Thanks @JustAnotherArchivist Below is a copy of the docker file RUN section for your info.
RUN set -x \ && apk add gcc musl-dev\ && apk add --no-cache python3-dev="3.8.10-r0"\ && apk add --no-cache py3-pip\ && apk add libxml2-dev libxslt-dev\ && pip3 install --ignore-installed pipenv\ && pip3 install --force-reinstall bs4==0.0.1 snscrape==0.6.2.20230320
You are right I am not using the precompiled version and hence it gets faster on the subsequent run, but 3-5s is the outcome of running the command after some time. At the start, it is usually about 15-20s. Moreover, how about when it's been run as a module in a service? I'm facing the same extra latency when it's built as a service via Flask.

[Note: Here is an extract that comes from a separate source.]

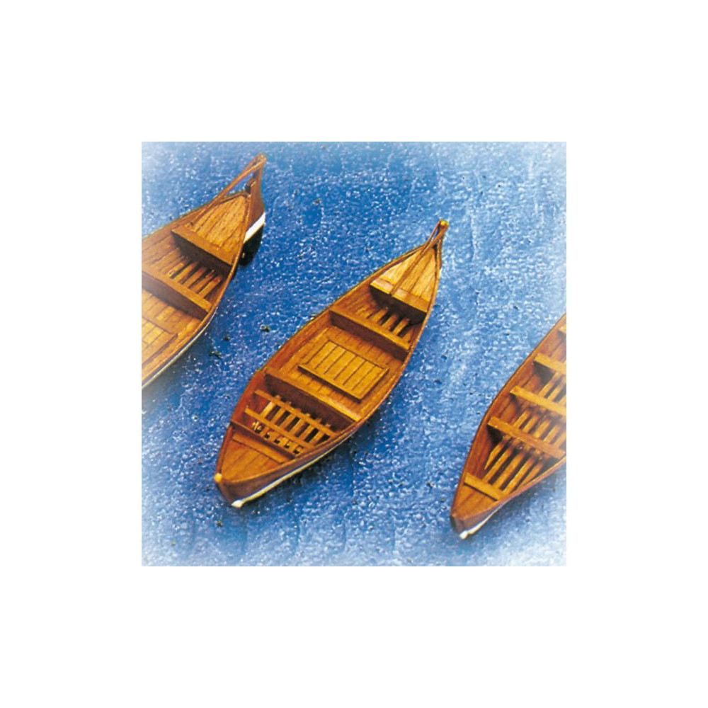 Fa hajómodell készlet - Motoros kabinos hajó, méretek 104x32x26mm. Az egyszerű készlet lézervágott rétegelt lemez válaszfalakat, korlátkészletet és építési terveket tartalmaz.

I will try it in a pre-compiled mode to see how much it gets better, but I wouldn't expect significant improvement given I'm facing almost similar latency in the service mode.
The alternative is that the issue lies in the containerisation itself. At least I can't think of anything in snscrape that could cause something like this, and I know that past versions of seccomp have had issues in this area. Those should largely have been resolved over the years though, so assuming you're using reasonably recent versions of libseccomp and Docker, that shouldn't be the problem.
I just remembered one other relevant difference: Alpine Linux uses musl, which is known to have lower performance than glibc for some things. You might want to play with images employing glibc for comparison, e.g. Debian.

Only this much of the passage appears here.